NielsRogge / Transformers-Tutorials

This repository contains demos I made with the Transformers library by HuggingFace.
MIT License
9.16k stars 1.42k forks source link

Visualizing SAM Mask decoder #385

Open nahidalam opened 8 months ago

nahidalam commented 8 months ago

I was looking into your tutorial on visualizing self-attention DINO.

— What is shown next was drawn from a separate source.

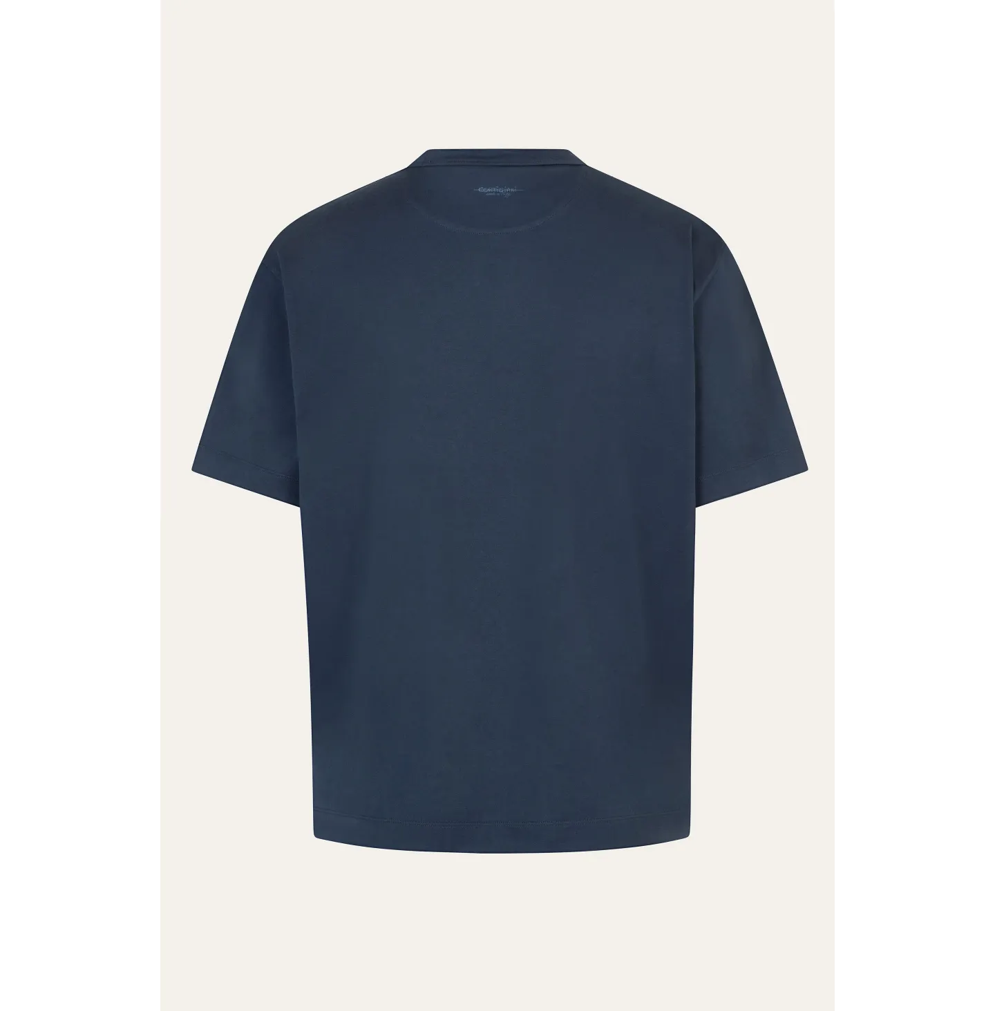 T-shirt girocollo in cotone pima lavato, caratterizzata da un design essenziale e una vestibilità regolare. Il modello presenta spacchetti laterali sul fondo per una maggiore libertà di movimento e comfort. Sul retro, la lunetta del collo è arricchita dal logo Cortigiani stampato tono su tono, dettaglio discreto ma distintivo.

Planning to do similar for visualizing the attention heads of the mask decoders for SAM. Based on SAM paper and SAM codebase, there should be 8 attention heads. But below code shows me there are only 1 attention head

from transformers import ViTFeatureExtractor
from transformers import SamModel, SamProcessor
from transformers import SamVisionConfig, SamConfig, SamPromptEncoderConfig, SamMaskDecoderConfig

# image feature extraction
feature_extractor = ViTFeatureExtractor.from_pretrained("facebook/sam-vit-base", size = 1024)
pixel_values = feature_extractor(images=image, return_tensors="pt").pixel_values

# define SAM configs
vision_config = SamVisionConfig(patch_size = 16)
prompt_encoder_config = SamPromptEncoderConfig()
mask_decoder_config = SamMaskDecoderConfig()
samconfig = SamConfig(vision_config, prompt_encoder_config, mask_decoder_config)

# define model
model = SamModel.from_pretrained("facebook/sam-vit-base", config = samconfig)
processor = SamProcessor.from_pretrained("facebook/sam-vit-base")

# forward pass
outputs = model(pixel_values, output_attentions=True, interpolate_pos_encoding=True, return_dict=True)
Screenshot 2024-01-25 at 9 17 51 PM

The 2nd dimension of the above tensor should be 8 not 1.

Am I missing something?